Learn R Programming

R453Plus1Toolbox (version 1.22.0)

complexity.dust: Sequence Complexity Using The DUST Algorithm

Description

This function evaluates the sequence complexity using the DUST algorithm.

Usage

complexity.dust(object, xlab="Complexity score (0=high, 100=low)", ylab="Number of sequences", xlim=c(0, 100), col="firebrick1", breaks=100, ...)

Arguments

object
An object of class DNAStringSet, ShortRead or SFFContainer.
xlab
The X axis label.
ylab
The Y axis label.
xlim
The limits of the X axis.
col
The plotting color.
breaks
The number of breaks in the histogram (see ‘hist’).
...
Arguments to be passed to methods, such as graphical parameters (see ‘par’).

Value

A numeric vector containing the complexity score for each sequence.

Details

The complexity score is based on how often different trinucleotides occur and is scaled between 0 and 100. A sequence of homopolymer repeats (e.g.

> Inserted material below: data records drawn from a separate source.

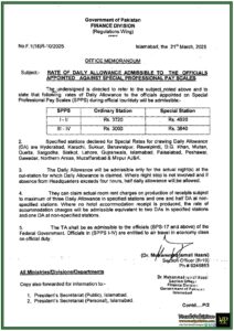Notification / OM No. No.F. 1(18)R-10/2025 Dated 21-March-2025 Notification Issued By: Regulations Wing, Finance Division, Government of Pakistan Government
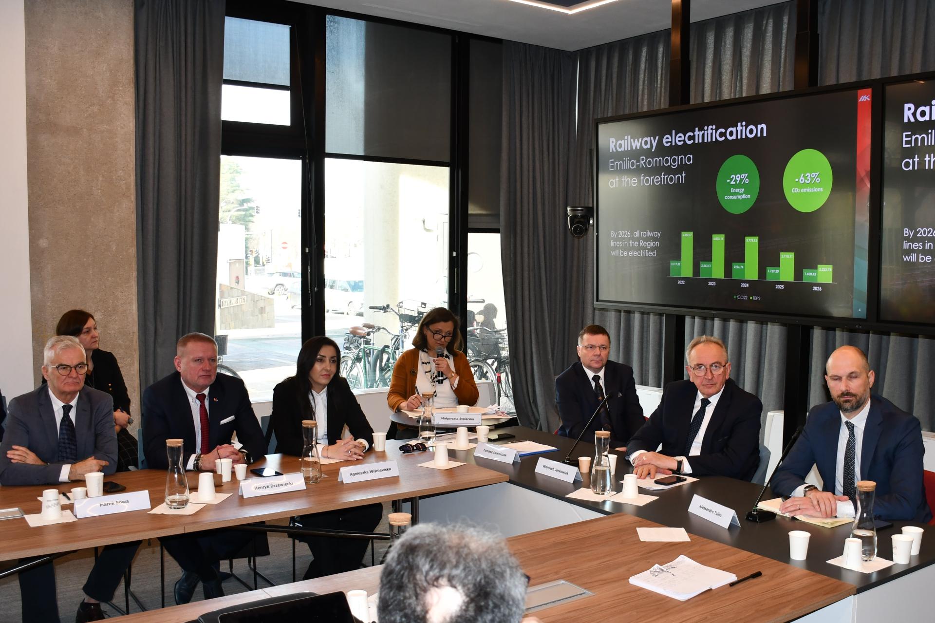 Ważnym tematem spotkań były sprawy związane z obsługą i organizacją przejazdów kolejowych, które należą do kompetencji obu regionów. Działania z tego zakresu przedstawili wielkopolskiej delegacji Dyrektor Generalny spółki Trenitalia Tper, inż. Allesandro Tullio oraz Prezes spółki FER (Ferrovie Emilia-Romagna), inż. Gianluca Benamati.
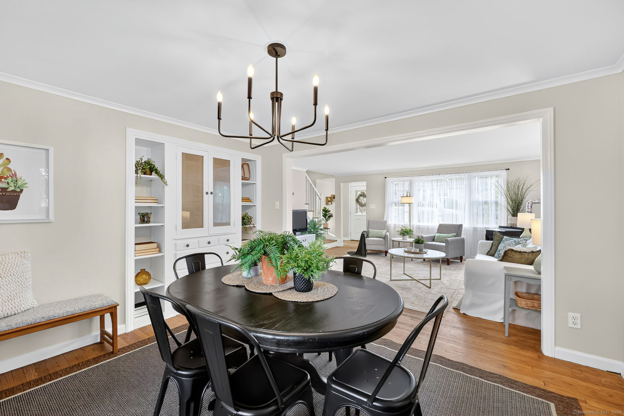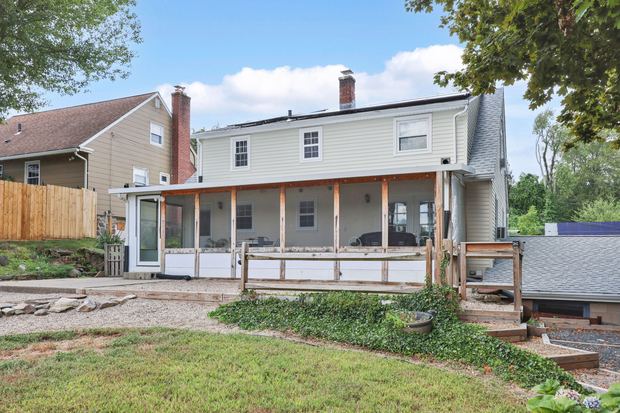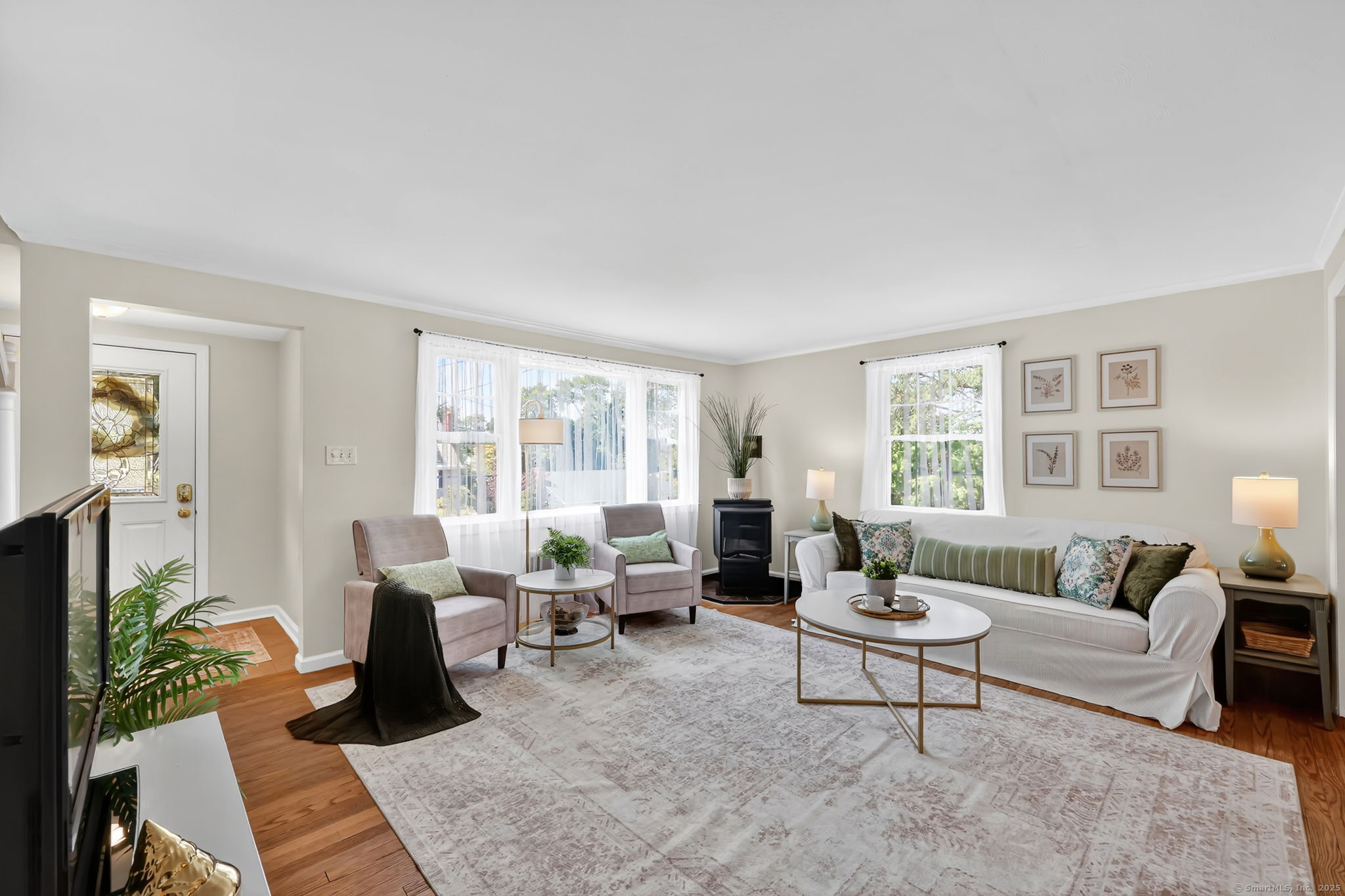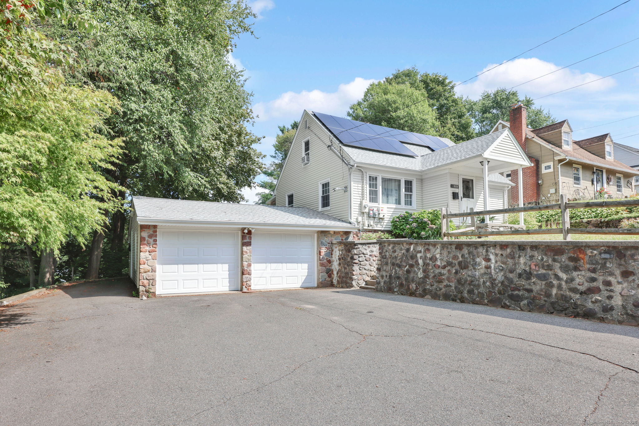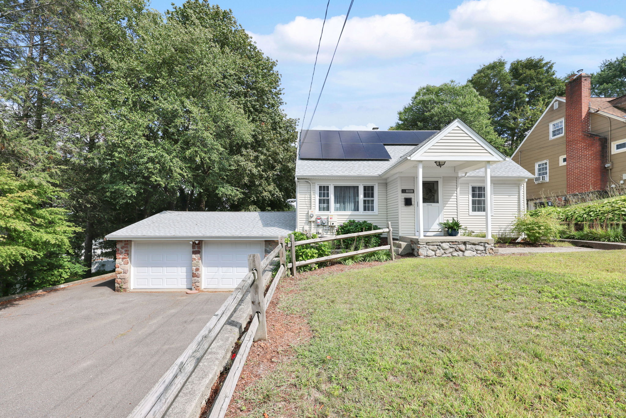Welcome home to this beautifully maintained 3-bedroom, 2-bath Cape in a sought-after Bristol neighborhood! The sun-filled living room greets you with warmth and charm, flowing seamlessly into the dining room for everyday meals or memorable gatherings. Built-ins throughout add character and function. French doors lead to a cheerful sunroom, perfect for morning coffee, reading, or evening conversation. The updated kitchen offers wood cabinetry, stainless steel appliances, and ample storage. A convenient first-floor bedroom and full bath complete the main level. Upstairs you'll find two spacious bedrooms and another stylishly updated bath. Step outside to your private, fenced backyard oasis with a patio, mature trees, and room for gardening, play, or summer entertaining. The attached garage with basement entry provides storage and workshop potential. Energy-saving solar panels, gleaming hardwood floors, fresh paint, and vinyl windows make this home move-in ready!

TTTTTTTTTT) has a score of 100, of dinucleotide repeats (e.g. TATATATATA) has a score around 49, and of trinucleotide repeats (e.g. TAGTAGTAG) has a score around 32. Scores above seven can be considered low-complexity.

References

Schmieder R. (2011) Quality control and preprocessing of metagenomic datasets. Bioinformatics, 2011 Mar 15;27(6):863-4.